■ Work instructions ■
Write out again the lines from the line with "Εικόνα Ορθοδοξίας με" up to and including the line with "Cranberry white chocolate", exactly as they stand below, and skip any picture.

====

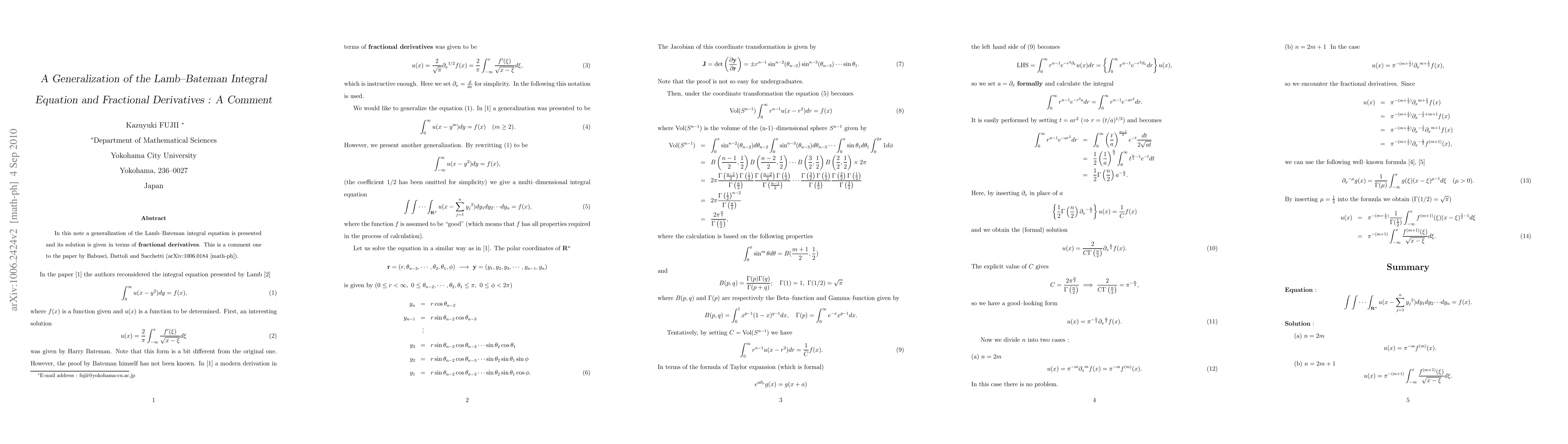 In this note a generalization of the Lamb-Bateman integral equation is presented and its solution is given in terms of {\bf fractional derivatives}. This is a comment one to the paper by Babusci, Dattoli and Sacchetti (arXiv:1006.0184 [math-ph]).
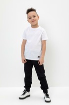 Брюки для мальчика изгладкокрашеного полотна "футер-двухнитка", на притачном поясе с эластичной тесьмой внутри и карманами в боковых швах. Средние половинки - из двух частей каждая, с отделочными строчками по швам стачивания. Нижние срезы обработаны подгибкой сэластичной тесьмой.
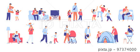 Happy Fathers Day Vector Illustration with Father and his Son or Daughter Playing Together in Flat Kids Cartoon Background Design
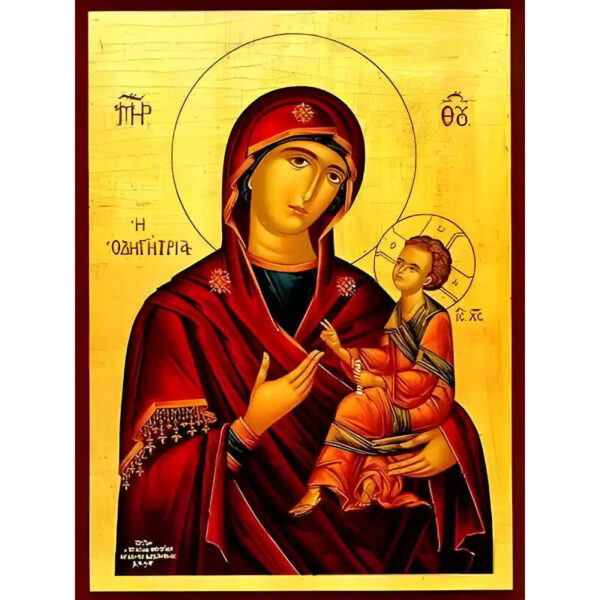 Εικόνα Ορθοδοξίας με περίγραμμα χρυσό σε ξύλο Φλαμουρίας με βάση Εικόνα ΠΑΝΑΓΙΑ ΜΕ ΧΡΙΣΤΟ, ΟΔΗΓΗΤΡΙΑ Χειροποίητη Ελληνορθόδοξη εικόνα του Ιησού Χριστού, Κρεμαστή πλάκα βυζαντινής τέχνης, χριστιανική τέχνη Διάσταση 15×11 cm (5,9×4,3 ίντσες) INTRAEK-337757864258
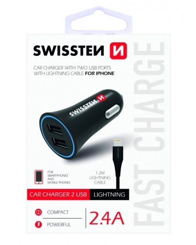 SWISSTEN napájecí adaptér 2× USB + Lightning kabel
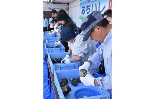 [写真/ホッキ貝の早むきに挑戦する来場者 ]
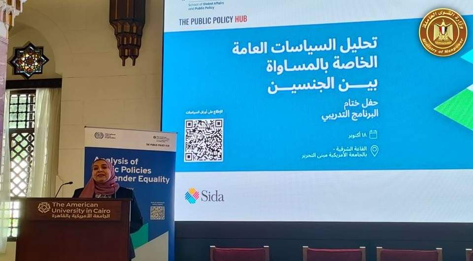 شاركت وحدة المساواة بين الجنسين والتمكين الاقتصادى للمرأة التابعة لوزارة القوى العاملة ، فى إحتفالية ختام برنامج " تحليل السياسات العامة للمساواة بين الجنسين" ، الذي يتم تنفيذه بالتعاون بين منظمة العمل الدولية ضمن مشروع العمل اللائق للمرأة فى مصر والأردن وفلسطين، وملتقى السياسات العامة بالجامعة الأمريكية، صدر عنه 5 أوراق سياسات أعدتها المنظمات النقابية العمالية.
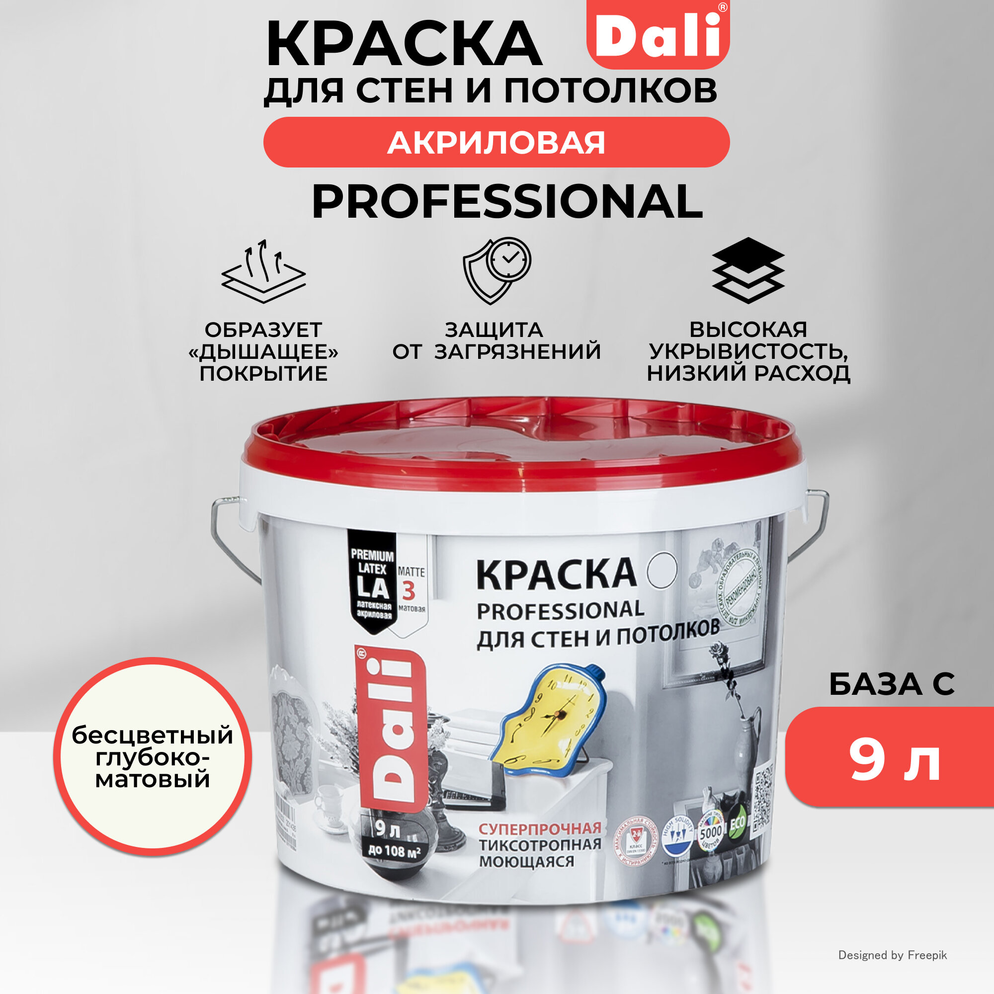Dali Professional краска для стен и потолков акриловая латексная 9 л C бесцветная
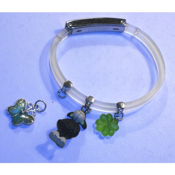 Ein Anhänger ging verloren. Als Ersatz haben wir den grün-silbernen Schmetterling (kein NICI) angehängt.
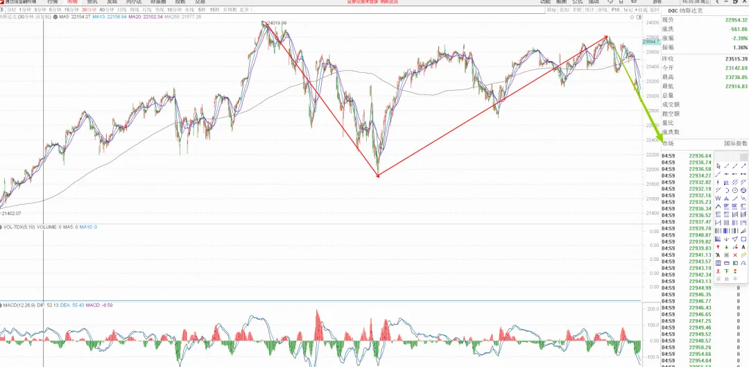 关于纳指,其实反复讲过,前一波30min向下段结束后,右侧的向上段连新高都没给,直接下去了,形势不妙。
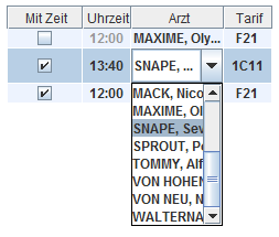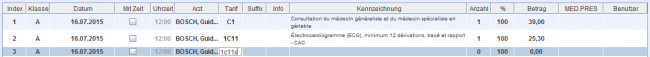 Normalerweise werden auf einer Rechnung immer nur Leistungen eines einzigen Arztes verbucht. Standardmässig wird deshalb das Feld mit dem im Rechnungskopf angegebenen Arzt gefüllt. Insbesondere in Gemeinschaftspraxen und in Krankenhäusern kann es aber vorkommen, dass alle Leistungen für einen Patienten auf einer einzigen Rechnung zusammengefasst werden. Dabei sollte dann auch zu jeder Leistung der behandelnde Arzt eingetragen werden (Abbildung 6).
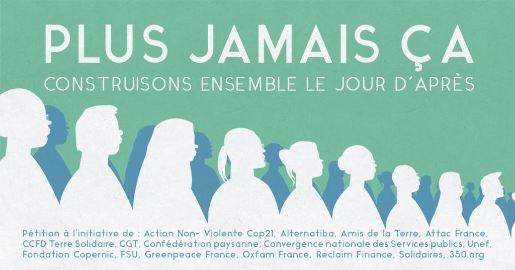 Plus jamais ça ! Lorsque la fin de la pandémie le permettra, nous nous donnons rendez-vous pour réinvestir les lieux publics et construire notre « jour d’après ». Nous en appelons à toutes les forces progressistes et humanistes, et plus largement à toute la société, pour reconstruire ensemble un futur, écologique, féministe et social, en rupture avec les politiques menées jusque-là et le désordre néolibéral.
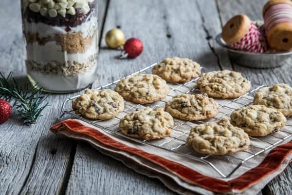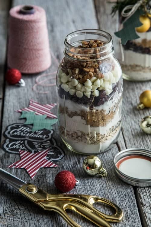Cranberry white chocolate cookies in a jar are a homemade gift sure to please. Add custom tags for a whimsical feel.
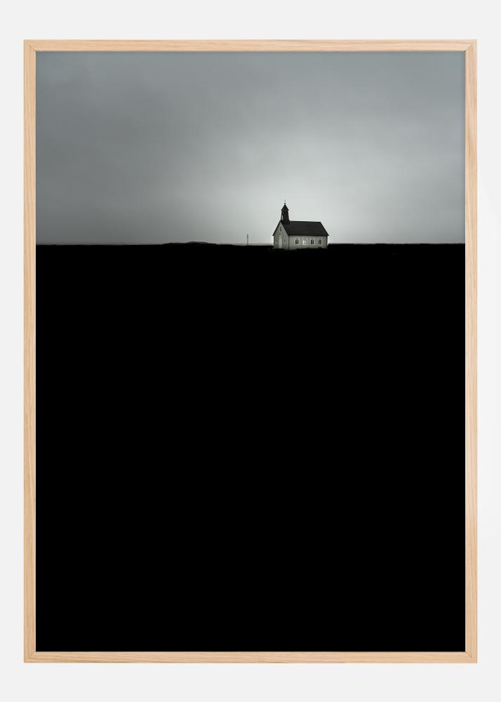 Този постер представя силен и въздействащ образ на Страндаркиркя, самотна църква, която стои срещу драматично небе. Тъмният силует на пейзажа създава рязък контраст с сивото небе, което придава усещане за изолация и тишина. Белите стени на църквата осветяват пейзажа и предлагат символ на надежда и упътване в заобикалящия мрак.
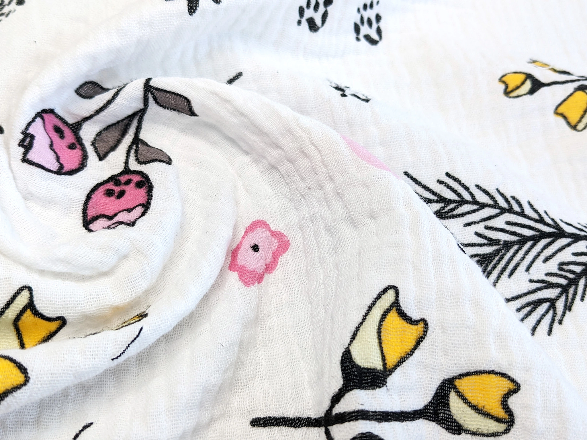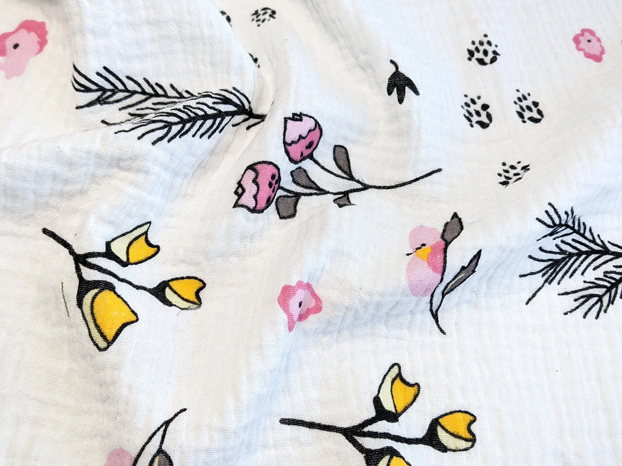 Муслин рисунок летняя полянка, молочный

====

■ Answer for the task ■
 Εικόνα Ορθοδοξίας με περίγραμμα χρυσό σε ξύλο Φλαμουρίας με βάση Εικόνα ΠΑΝΑΓΙΑ ΜΕ ΧΡΙΣΤΟ, ΟΔΗΓΗΤΡΙΑ Χειροποίητη Ελληνορθόδοξη εικόνα του Ιησού Χριστού, Κρεμαστή πλάκα βυζαντινής τέχνης, χριστιανική τέχνη Διάσταση 15×11 cm (5,9×4,3 ίντσες) INTRAEK-337757864258
 SWISSTEN napájecí adaptér 2× USB + Lightning kabel
 [写真/ホッキ貝の早むきに挑戦する来場者 ]
 شاركت وحدة المساواة بين الجنسين والتمكين الاقتصادى للمرأة التابعة لوزارة القوى العاملة ، فى إحتفالية ختام برنامج " تحليل السياسات العامة للمساواة بين الجنسين" ، الذي يتم تنفيذه بالتعاون بين منظمة العمل الدولية ضمن مشروع العمل اللائق للمرأة فى مصر والأردن وفلسطين، وملتقى السياسات العامة بالجامعة الأمريكية، صدر عنه 5 أوراق سياسات أعدتها المنظمات النقابية العمالية.
Dali Professional краска для стен и потолков акриловая латексная 9 л C бесцветная
 Ein Anhänger ging verloren. Als Ersatz haben wir den grün-silbernen Schmetterling (kein NICI) angehängt.
 关于纳指,其实反复讲过,前一波30min向下段结束后,右侧的向上段连新高都没给,直接下去了,形势不妙。
 Normalerweise werden auf einer Rechnung immer nur Leistungen eines einzigen Arztes verbucht. Standardmässig wird deshalb das Feld mit dem im Rechnungskopf angegebenen Arzt gefüllt. Insbesondere in Gemeinschaftspraxen und in Krankenhäusern kann es aber vorkommen, dass alle Leistungen für einen Patienten auf einer einzigen Rechnung zusammengefasst werden. Dabei sollte dann auch zu jeder Leistung der behandelnde Arzt eingetragen werden (Abbildung 6).
 Plus jamais ça ! Lorsque la fin de la pandémie le permettra, nous nous donnons rendez-vous pour réinvestir les lieux publics et construire notre « jour d’après ». Nous en appelons à toutes les forces progressistes et humanistes, et plus largement à toute la société, pour reconstruire ensemble un futur, écologique, féministe et social, en rupture avec les politiques menées jusque-là et le désordre néolibéral.
Cranberry white chocolate cookies in a jar are a homemade gift sure to please. Add custom tags for a whimsical feel.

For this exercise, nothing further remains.